Июньское небо в Пскове ночью не темнеет. Горизонт горит себе и горит, а густая сине-зеленая полусфера просто переползает с запада на восток и загорается утром новым днём. Но это, конечно, когда нет облаков.
Печоры
Печоры – город на западе от Пскова, на самой границе с Эстонией. Поехали туда ради монастыря с пещерной церковью. Монастырь ужасно красивый – весь на холмах и в распадках, но пещеру нам не показали. Замечательной особенностью обители является завидная борзость попов, особенно поповских командиров. Поднимаясь по своей карьерной лестнице, они одинаково неопрятно отращивают и бороды, и харизмы. И те, и другие торчат потом в разные стороны и отвращают людей, вместо того, чтобы привлекать их в церковь. Мы случайно зашли в какой-то закут, неочевидно промаркированный табличкой «Пшли все вон» и подошли к крыльцу, возле которого чиновные батьки обсуждали судьбы цивилизации. Недовольный нарушенной гармонией, один из них упер нам в грудь перст и молвил:
— А теперь ВОТ ТАК ЖЕ КРАСИВО назад.
Ну нормально? Пушкин обязательно сложил бы оду «Оставь борзометр у двери, входя в Печорску цитадель».

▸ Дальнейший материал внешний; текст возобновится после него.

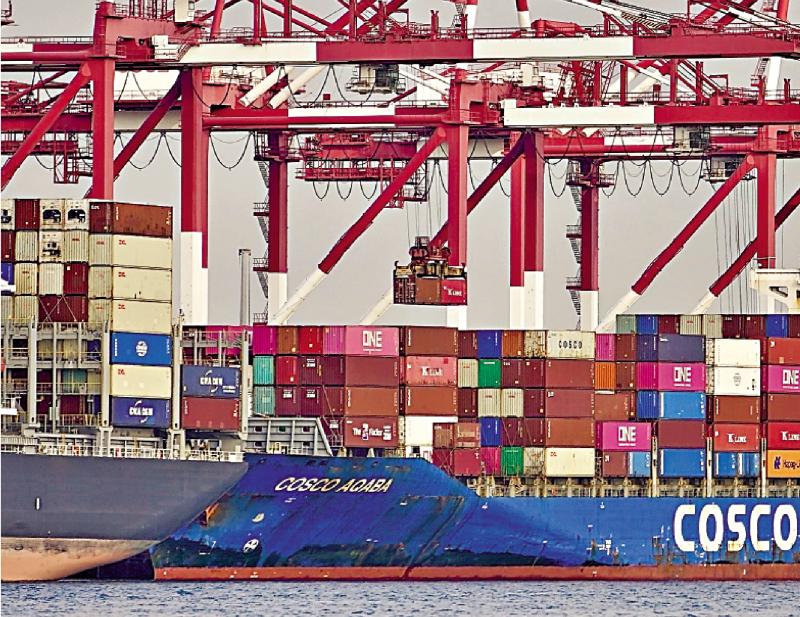 圖:臺灣業(yè)者認為,兩岸產(chǎn)業(yè)結構高度互補,進一步開拓大陸市場,可以減輕美國關稅的沖擊。圖為高雄港貨輪進行貨柜裝卸作業(yè)。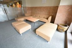 こちらは、エントランスホール奥の共有スペースです。ソファもありましたし、冷房も設置されていましたので、使い勝手の良さそうな共有スペースです。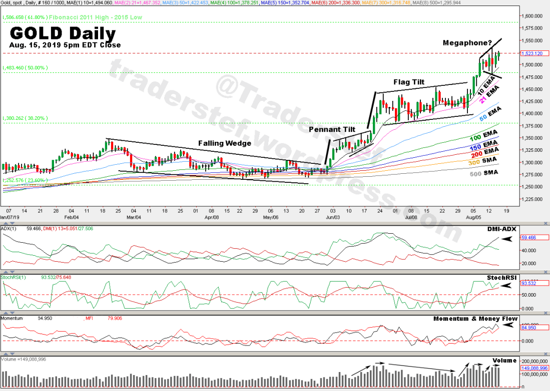 UPDATE: Gold daily chart Aug. 19, 2019 10:30am on Megaphone potentials…
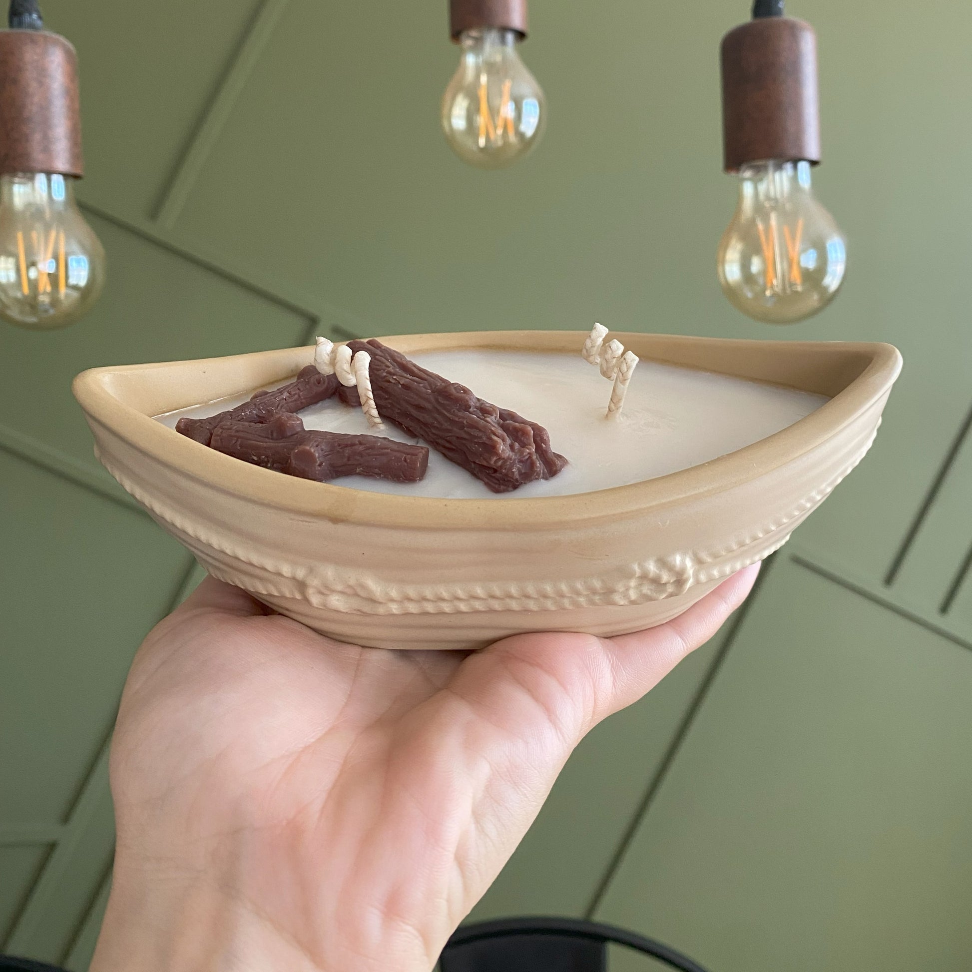 Coulée à la main dans un pot en jesmonite en forme de barque, elle est aussi décorative que dépaysante. Une pièce unique qui fait souffler un vent de liberté dans ton intérieur.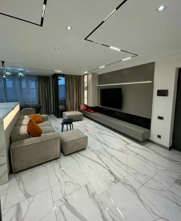 For rent a modern 3-room apartment on Pushkin Street in the center, 102 square meters, the apartment has a beautiful balcony.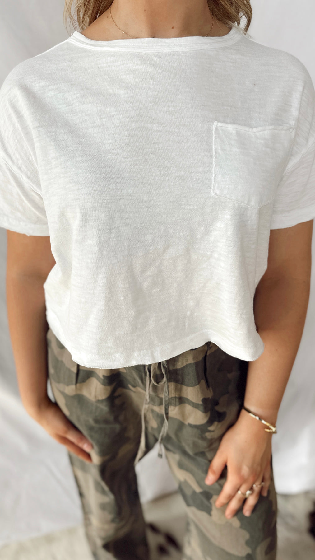 The Oakley Tee is your new go-to for effortless style. This crisp white cropped tee hits just right—perfect for pairing with high-waisted jeans, skirts, or layering under your favorite jacket. The clean, timeless cut works for everything from casual hangouts to dressed-up moments. Soft, comfortable, and versatile enough to wear year-round, it's the kind of piece that makes getting dressed actually fun.

В грот нас не пустили по причине «Вам нужен будет сопровождающий и вообще там всё непросто». Стоило писать о ней в путеводителе, разводчики.
Большая дорога к храму называется Кровавый путь. Понятно, что без Ивана Грозного не обошлось. Грозный сходил на Ливонию, заворачивает к Корнилию, который сорок лет был тут игумном. Сели, покурили.
— Ну как сам, Корнилыч?
— Да коптим небо, помолясь.
— А, ну да… Фортецию, гляжу, спроворил нешутейную… Сам или помогал кто?
— Да кто поможет? Сам всё, сам. Да и легко ли?! Знаешь, к примеру, почем нынче сайдинг стальной? А гипсократон? А ламинат? И ведь всё, царь-надежа, то шведское, то финское! Цены-то кусаются.
— Ага, да… А ты ж, Корнилыч, сам-то из боляр?
— Из боляр, заступник, из боляр.
— Ага… Со шведами якшаисси… средств накопил подозрительных. Фортецию сгоношил… и из боляр. – Не оборачиваясь, кому-то за спину, — Нож!
Хрящ!
Но потом сразу опомнился, поднял его на руки и сам отнес ко храму по этой самой дороге. Вот потому и Кровавый путь.
Самым светлым впечатлением от монастыря стала девчонка-пуговица, которая распоряжалась свечками в лавке. С деловитым видом что-то там переставляла, а самой годов-то десять и курносая моська мягко светится от собственных свечей. Потом ее сменил равноценный пацан.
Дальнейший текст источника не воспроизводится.